Laser ablation powered by inexpensive, robust, high-power nanosecond (ns) lasers appears to be a chemically clean, environmentally “green” key enabling process for industrial manufacturing of functional nanomaterials, for example nanoparticles (NPs), in liquids for diverse promising applications:

• Hydrogen generation, storage, and catalysis [1,2,3];
• Wound healing, anti-cancer, anti-bacterial, and anti-fouling activity, and biosensing [4,5,6,7,8,9] in biomedicine;
• Additive nano-assembling of novel materials [10,11,12,13,14];
• Non-linear nanophotonics [15,16,17];
• NP-mediated/enhanced nuclear reactions [18] and many others (for the broad reviews, see, e.g., [19,20,21,22,23]).

In the context of these numerous important potential implications of the colloidal nanoparticles, their high-throughput laser fabrication is in high demand to support broader laboratory, clinical, and technological practices employing NPs.
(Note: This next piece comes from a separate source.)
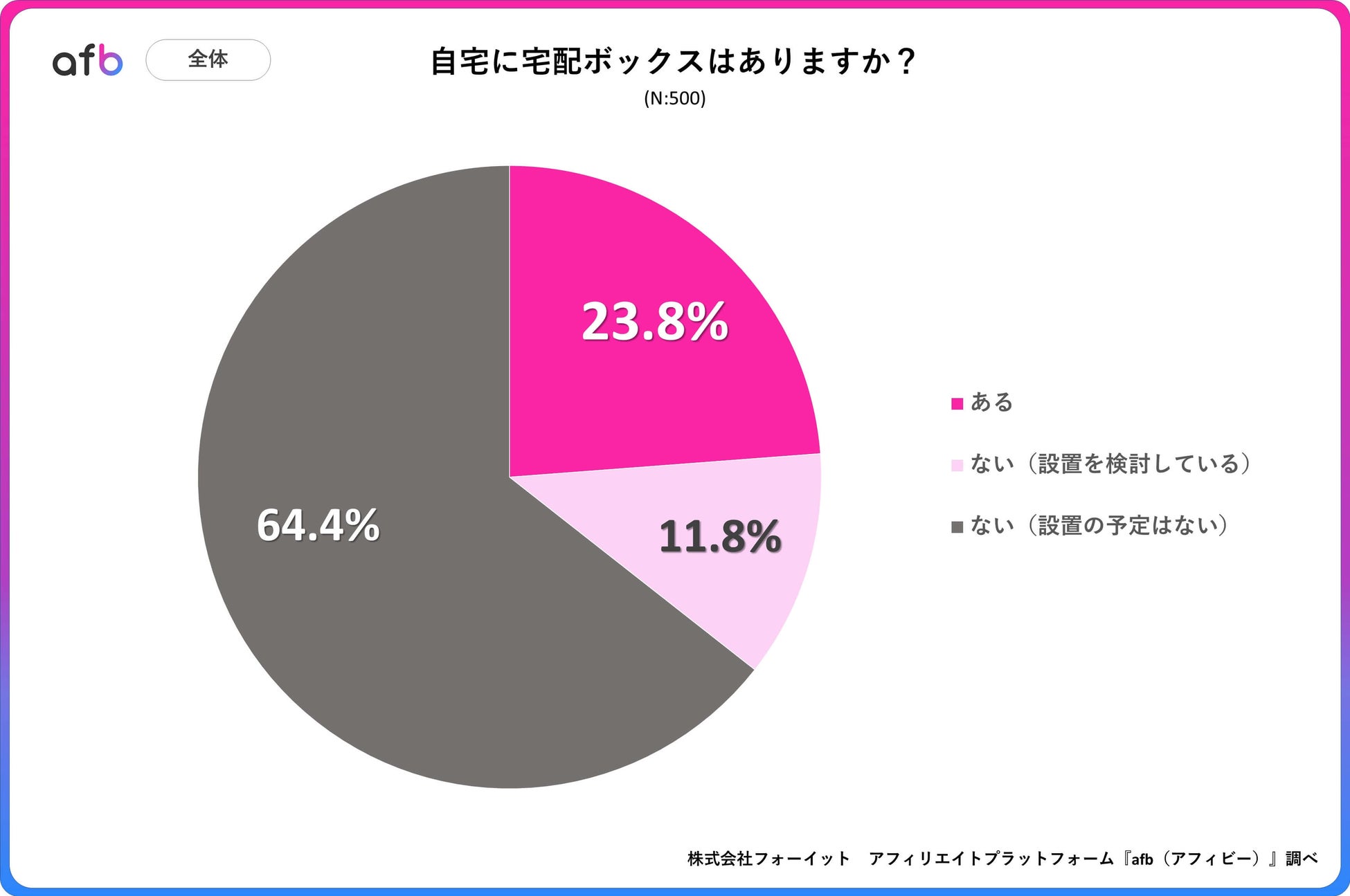 全国の20代〜60代の男女を対象に、「自宅に宅配ボックスはありますか?」というアンケートを実施したところ、「ある」と回答した方は23.8%でした。また、「ない(設置を検討している)」と回答した方は11.8%で、約35%の方が宅配ボックスを利用している、もしくは利用する予定だということが分かりました。

Meanwhile, the underlying spatially and temporarily multi-scale fundamental phenomena could be arbitrarily divided into three main transient stages, as seen in Figure 1: (1) nanosecond-scale laser ablation and plasma formation, primarily bringing the plasma-modified ablation products into the contact liquid and driving the initial bubble boost by the plasma pressure [20,24,25,26,27]; (2) formation of nanoparticles during the several bubble expansion and collapse cycles [26,28,29]; and (3) appearance of the colloidal solution and its interaction with the subsequent laser pulses (re-absorption, fragmentation, etc.) in terms of laser power, repetition rates, and scanning velocities [21,30,31]. The more straightforward and practice-oriented stage three was well explored over the last decades [1,2,3,4,5,6,7,8,9,10,11,12,13,14,15,16,17,18,19,20,21,22,23,24,25,26,27,28,29,30,31], based on rather simple optical, electron microscopy, and dynamic light scattering characterization of the resulting colloids across the broad window of the laser and material parameters. Transient NP formation inside the laser-driven vapor bubbles (the intermediate stage two) was envisioned just recently via spatially- and temporally-resolved sophisticated X-ray transmission studies in liquids [26]. However, the reported studies on both stages two and three missed the crucial input information on laser-induced energy deposition, pressure generation, overall mass, and composition of the injected ablation products, which are the main ingredients in understanding and quantitatively modeling these stages. Meanwhile, basic studies on the initial stage one were recently started based on mass-loss control and ultrasonic acquisition of laser ablation/plasma characteristics [31,32].

The main objective of this particular study is, using crystalline silicon as the case material, similar ablation conditions, and a broad number of informative complementary methods, to present the comprehensive—from A until Ω—picture of the nanosecond-laser ablation generation of colloidal nanoparticles in liquids. This study is based on enlightening experimental findings and the related supporting theoretical modeling, enabling overall high-throughput laser manufacturing of colloidal nanomaterials on industrial scales.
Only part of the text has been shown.